Published Monday, October 10, 2005
Pakistan Appeals for Help as Rescuers Dig by Hand
By SOMINI SENGUPTA
New York Times
GARHI HABIBULLAH, Pakistan, Oct. 9 - Twenty-four hours after the most powerful earthquake in the history of independent Pakistan, President Pervez Musharraf made an urgent televised appeal on Sunday for international aid, at least 140 aftershocks rattled survivors, and rescue crews dug, often with their bare hands, for signs of the living and the dead in the rain-soaked rubble of obliterated villages.
From throughout Pakistan, a variety of estimates on the death toll poured in. By evening, Prime Minister Shaukat Aziz said 19,369 people had died and at least 43,000 had been injured, based on estimates from local officials. But with much of the country still unseen by the authorities, it was impossible to settle on a definitive figure. "There are clearly several areas which are inaccessible," Mr. Aziz said. "Gradually, in a day or two, we will reach them."
At least 600 people were reported killed by the quake in neighboring India, and the United Nations said 2.5 million people in the entire stricken region needed shelter.
In Washington, President Bush, whose administration was criticized over its early handling of relief for victims of the Asia-Pacific tsunami and Hurricane Katrina, promised immediate help to General Musharraf, an important ally in the American-led war on terrorism. "Thousands of people have died, thousands are wounded, and the United States of America wants to help," Mr.
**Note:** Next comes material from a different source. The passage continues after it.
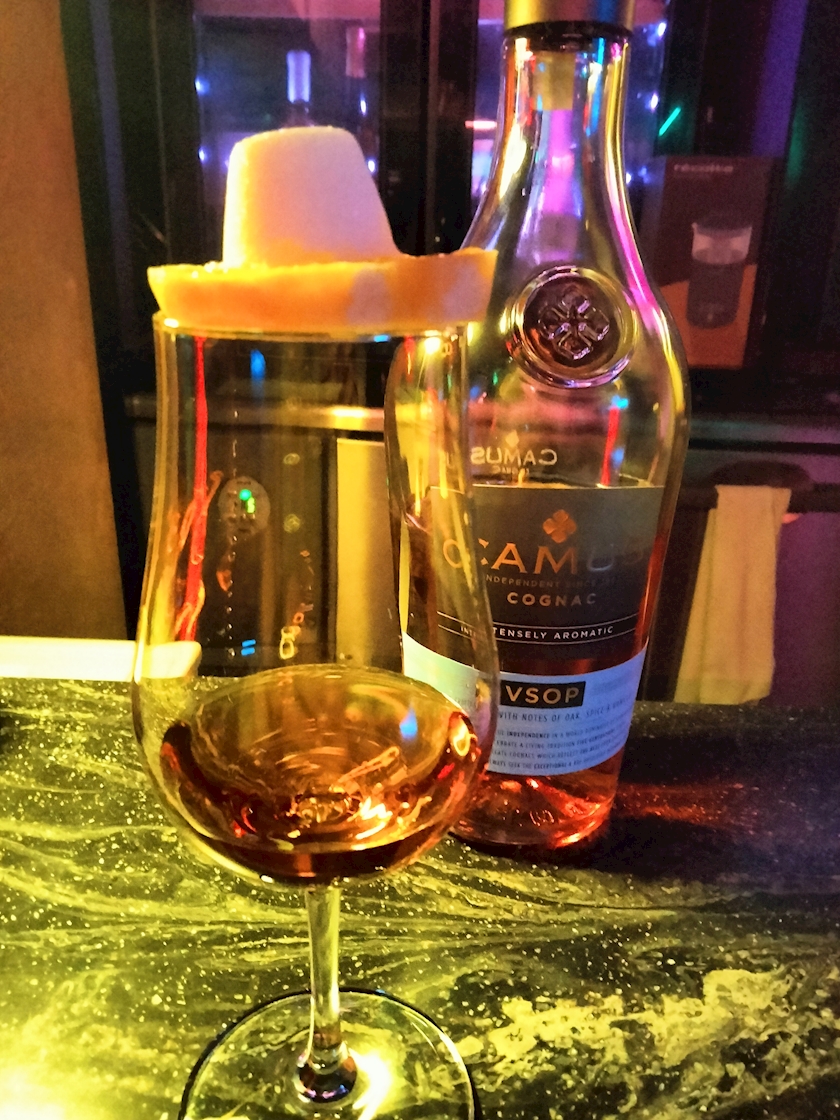ストレートのブランデーを入れたグラスに

Bush said.
In these forested hills close to the epicenter, the quake obliterated more than this village. It also took a cornerstone of hope: The Garhi Habibullah Girls High School.
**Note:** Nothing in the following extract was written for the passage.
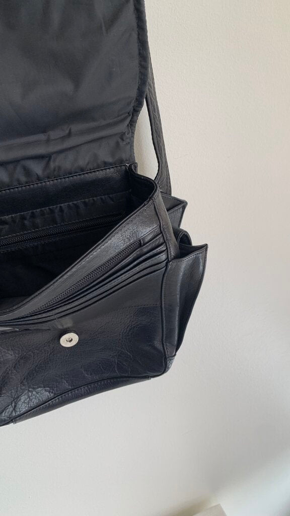 Pre-Owned Latico Black Leather Front Flap Side Bag

In the delirious collective grief on Sunday morning, there was no way to tell how many girls had been studying here, though it was safe to say that hundreds had been, not just from Garhi Habibullah, in the North-West Frontier Province, but from villages as far as 10 miles away, for whom this was the nearest high school for girls.
At least 20 women were teaching here - among the most educated women in the area. The dozen men digging through the rubble of the two-story school were asked how many teachers had survived. They could come up with only one name. Saturday was a school day.
The men were scooping out what they could with little more than their hands. A few brought picks and shovels. One man carried a car jack, to try to help lift concrete slabs. Another peered under a pile and saw a woman's bloodied head scarf, but could do nothing to extricate the woman. By the end of the morning, the body of a longtime teacher, named Ruksana, was pulled out, preceded by her dainty green handbag. After that, the digging crew gave up. There was nothing more it could do. When would the government send machines, the men demanded to know. When would food and tents come? The village was gone, and nearly everyone had spent the night in the rain. Anger boiled up from anguish. "This village has not received any sort of help," cried Mohammed Younas, 65. "We have nothing at present with us. Only our people are trying to dig out the children who are buried and are probably dead - probably dead."
In an interview with CNN on Sunday, General Musharraf said Pakistan desperately needed cargo helicopters to reach the most remote areas of Pakistan, medicine, and tents and blankets for the displaced. He confirmed that much of the country had not been reached.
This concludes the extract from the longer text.